+++ Supplied information +++
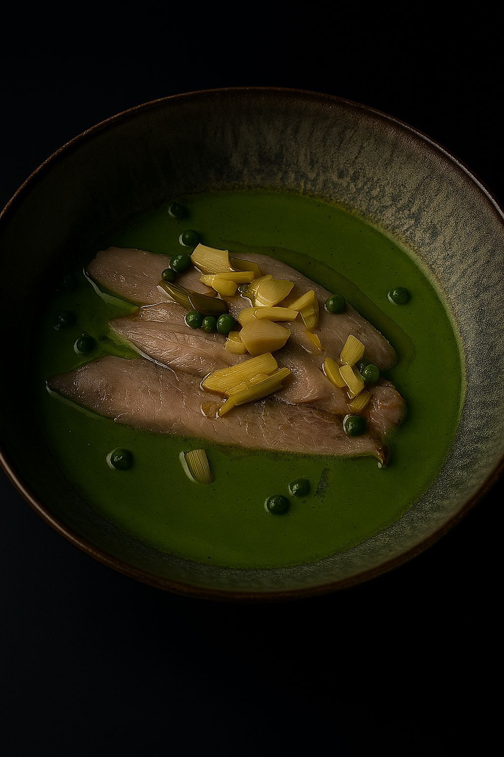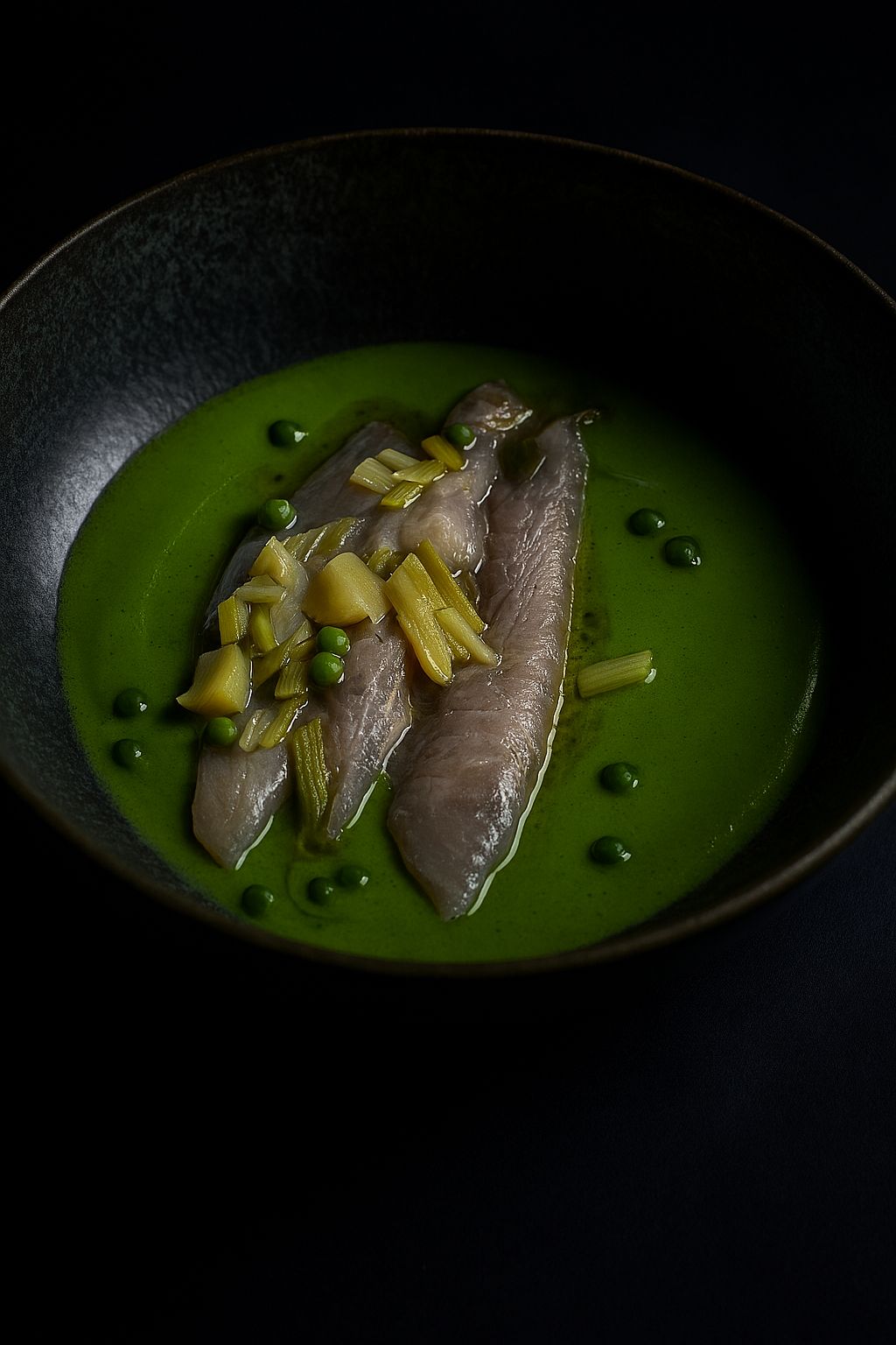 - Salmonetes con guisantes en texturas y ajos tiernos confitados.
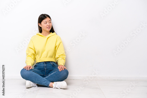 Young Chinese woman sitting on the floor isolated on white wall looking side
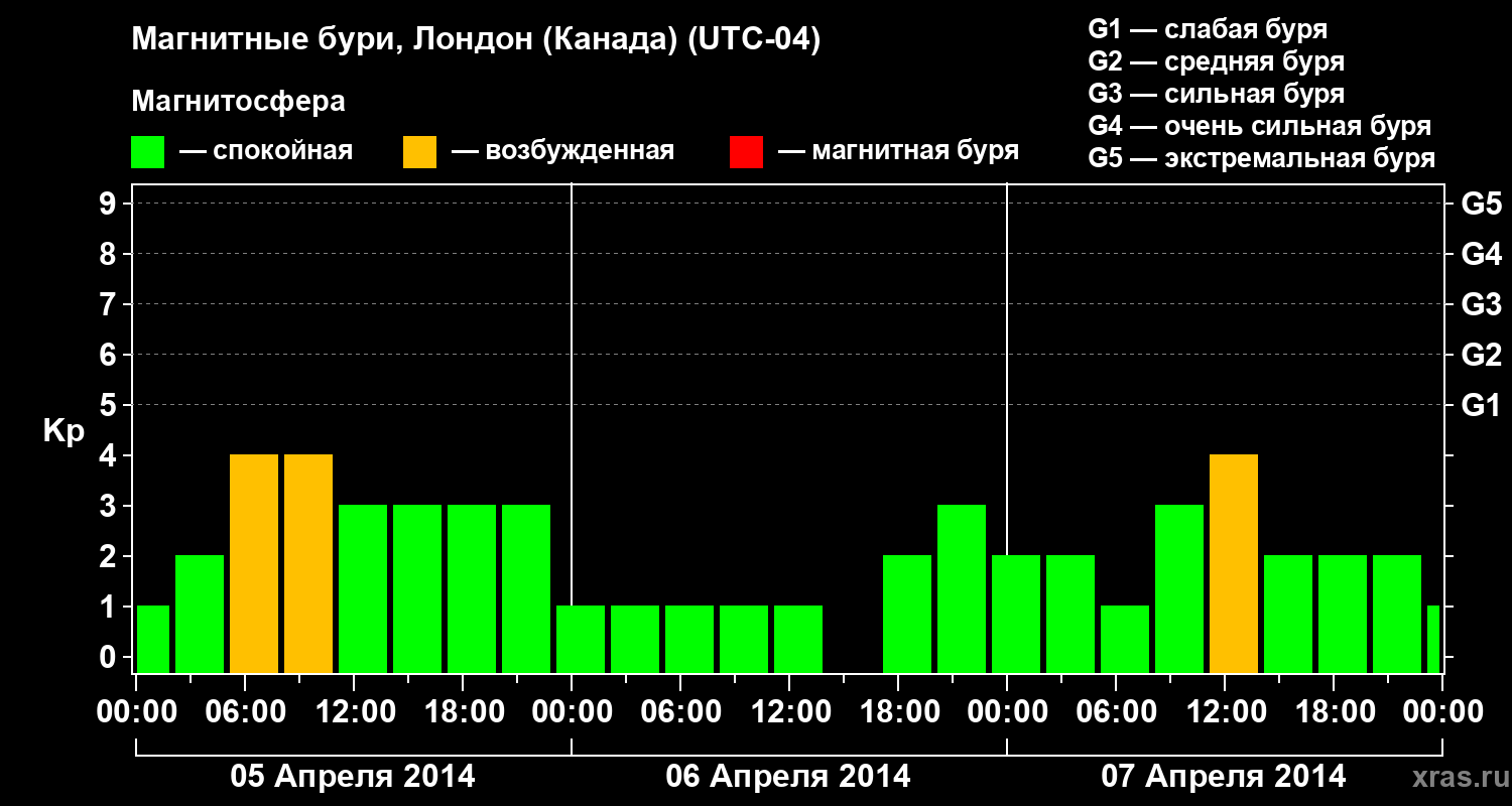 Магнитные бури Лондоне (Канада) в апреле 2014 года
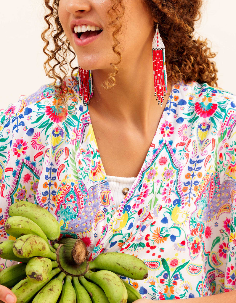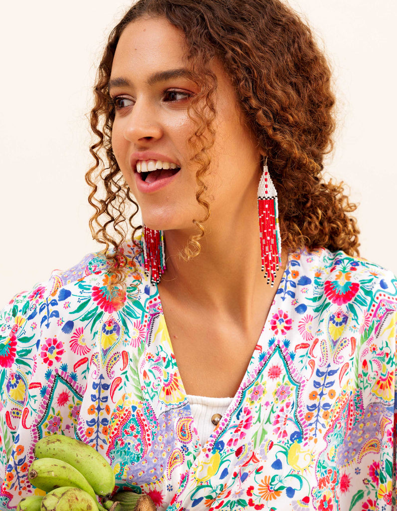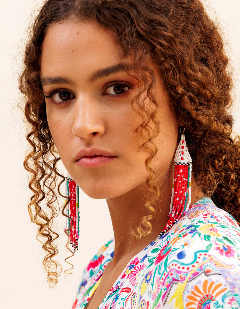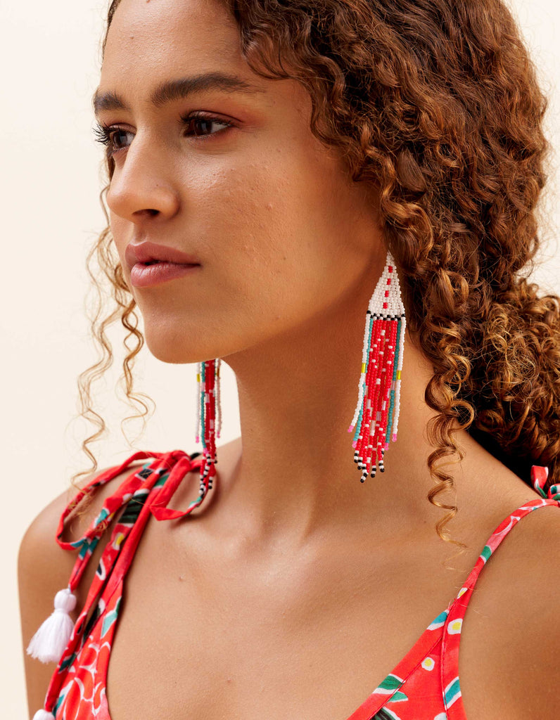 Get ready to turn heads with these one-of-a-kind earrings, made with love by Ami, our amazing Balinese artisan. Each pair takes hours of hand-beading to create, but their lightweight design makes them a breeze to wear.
+++
What is required: Could you copy exactly, and with no pictures, the lines above from the one containing "Магнитные бури Лондоне" through the last line, both included?

Task result:
 Магнитные бури Лондоне (Канада) в апреле 2014 года
 Get ready to turn heads with these one-of-a-kind earrings, made with love by Ami, our amazing Balinese artisan. Each pair takes hours of hand-beading to create, but their lightweight design makes them a breeze to wear.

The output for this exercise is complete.